# PROVIDED MATERIAL
((

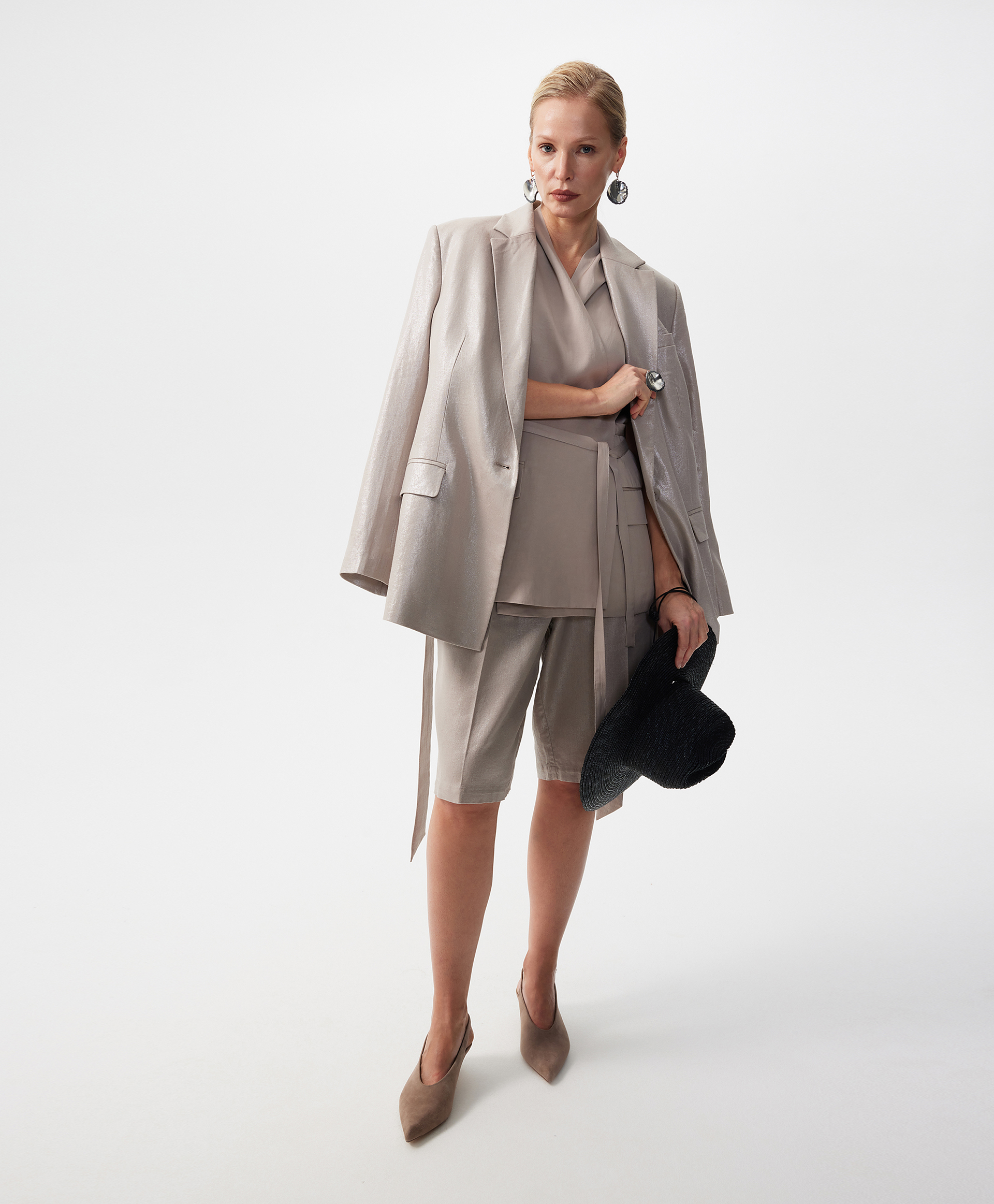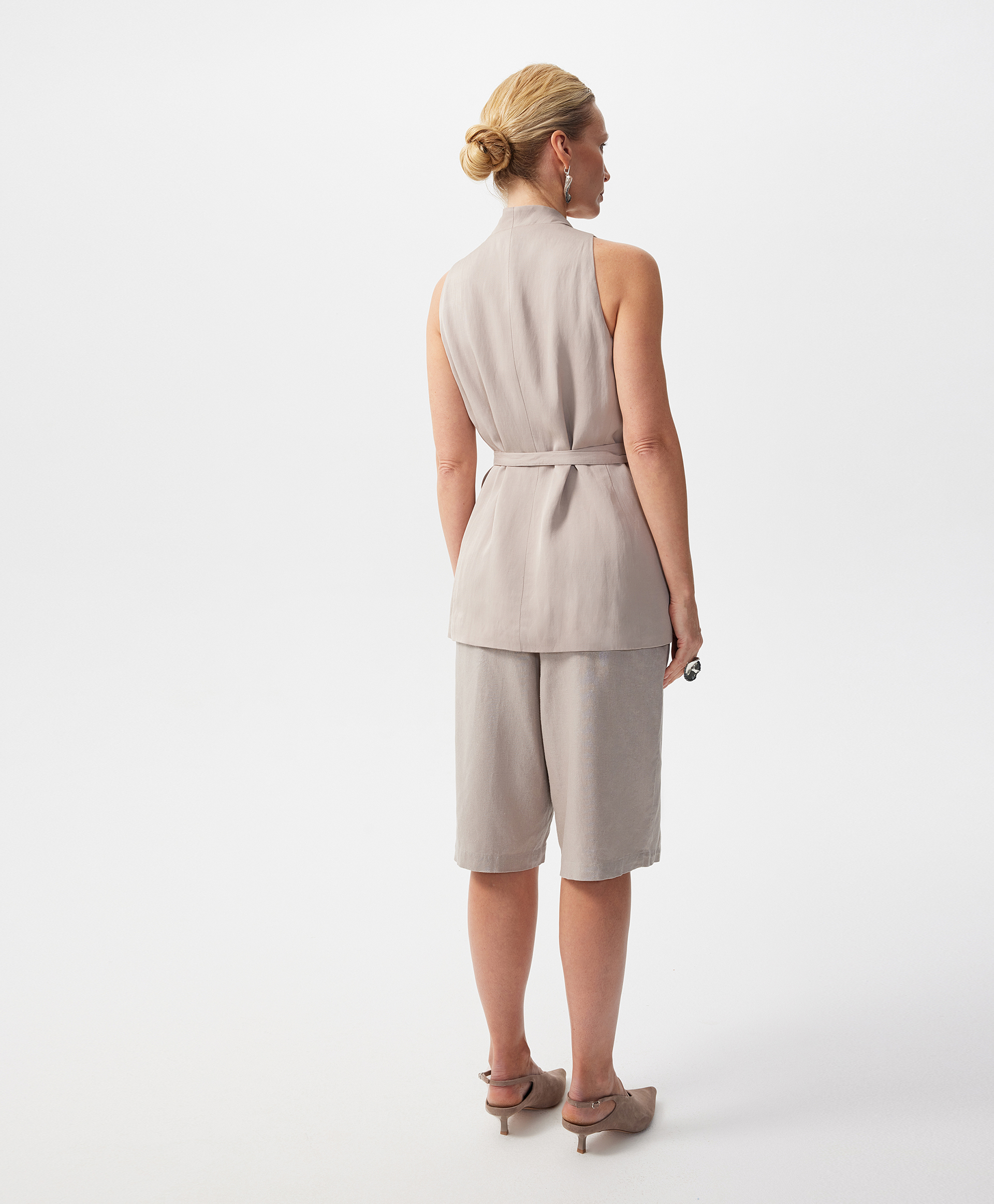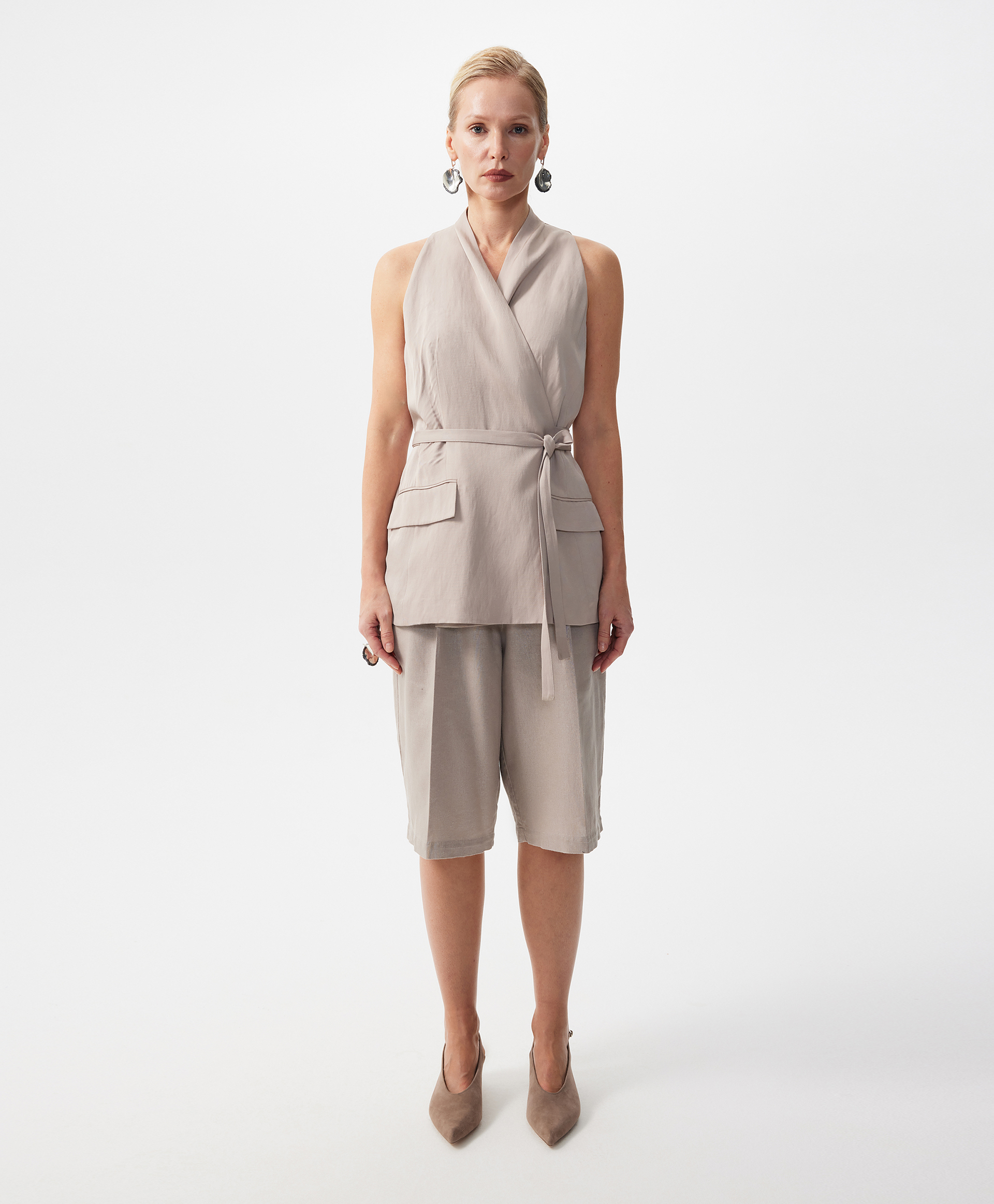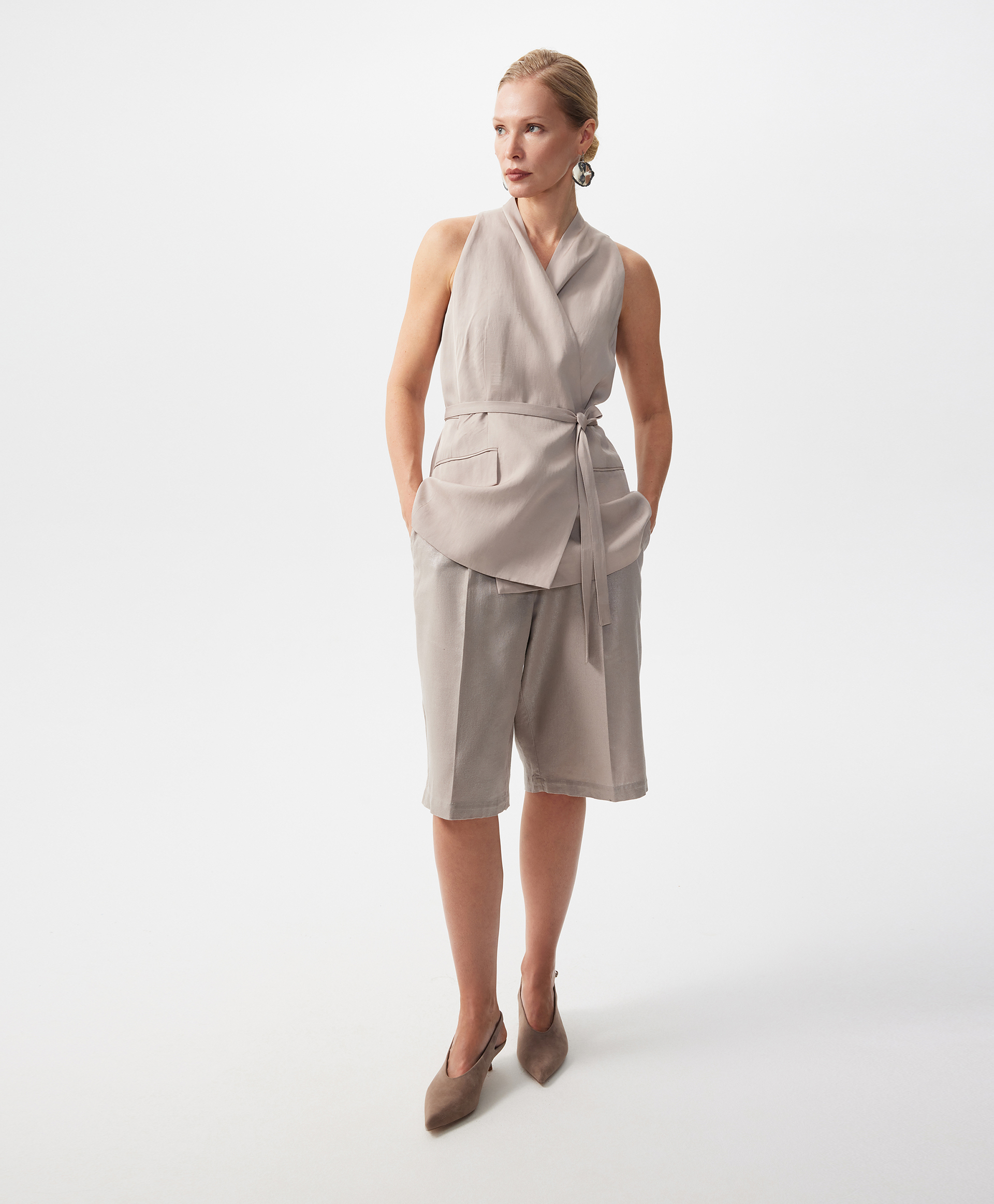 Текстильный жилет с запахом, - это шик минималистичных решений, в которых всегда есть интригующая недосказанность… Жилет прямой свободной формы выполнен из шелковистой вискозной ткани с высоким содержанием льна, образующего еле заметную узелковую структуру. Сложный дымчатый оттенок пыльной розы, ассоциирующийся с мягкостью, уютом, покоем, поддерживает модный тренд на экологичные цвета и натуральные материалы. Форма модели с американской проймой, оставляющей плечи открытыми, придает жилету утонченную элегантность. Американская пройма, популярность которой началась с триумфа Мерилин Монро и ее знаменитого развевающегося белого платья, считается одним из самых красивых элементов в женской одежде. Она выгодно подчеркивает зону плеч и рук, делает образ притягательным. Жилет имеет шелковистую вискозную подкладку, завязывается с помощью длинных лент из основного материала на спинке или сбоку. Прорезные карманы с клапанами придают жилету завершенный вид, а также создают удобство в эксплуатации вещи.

))
((

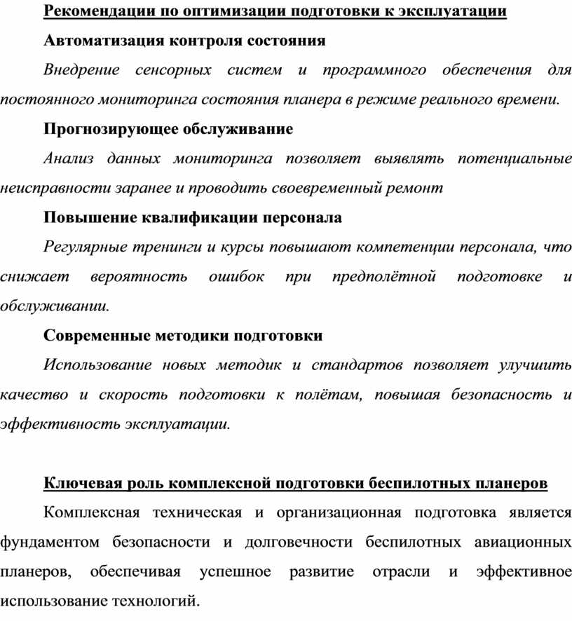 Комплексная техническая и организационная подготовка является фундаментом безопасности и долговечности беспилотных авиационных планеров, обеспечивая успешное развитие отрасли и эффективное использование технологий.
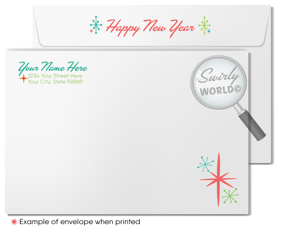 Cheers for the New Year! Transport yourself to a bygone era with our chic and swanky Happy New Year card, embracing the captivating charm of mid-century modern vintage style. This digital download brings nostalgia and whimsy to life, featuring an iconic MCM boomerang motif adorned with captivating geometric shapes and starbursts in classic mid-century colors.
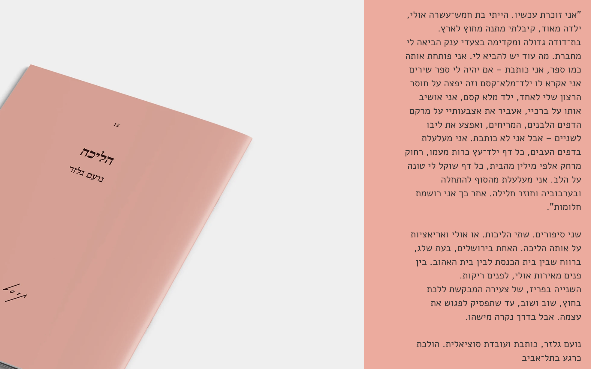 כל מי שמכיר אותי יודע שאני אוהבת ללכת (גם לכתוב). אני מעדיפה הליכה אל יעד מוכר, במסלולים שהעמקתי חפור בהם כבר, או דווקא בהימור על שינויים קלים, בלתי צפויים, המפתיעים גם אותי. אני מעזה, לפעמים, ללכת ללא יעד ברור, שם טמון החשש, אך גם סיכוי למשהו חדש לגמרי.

))

# EXERCISE DIRECTIONS
Only the lines between the one with "Комплексная техническая и" and the one with "Cheers for the", those two included, get copied from the material above. Keep it exact and free of pictures.

# RESPONSE BELOW
 Комплексная техническая и организационная подготовка является фундаментом безопасности и долговечности беспилотных авиационных планеров, обеспечивая успешное развитие отрасли и эффективное использование технологий.
 Cheers for the New Year! Transport yourself to a bygone era with our chic and swanky Happy New Year card, embracing the captivating charm of mid-century modern vintage style. This digital download brings nostalgia and whimsy to life, featuring an iconic MCM boomerang motif adorned with captivating geometric shapes and starbursts in classic mid-century colors.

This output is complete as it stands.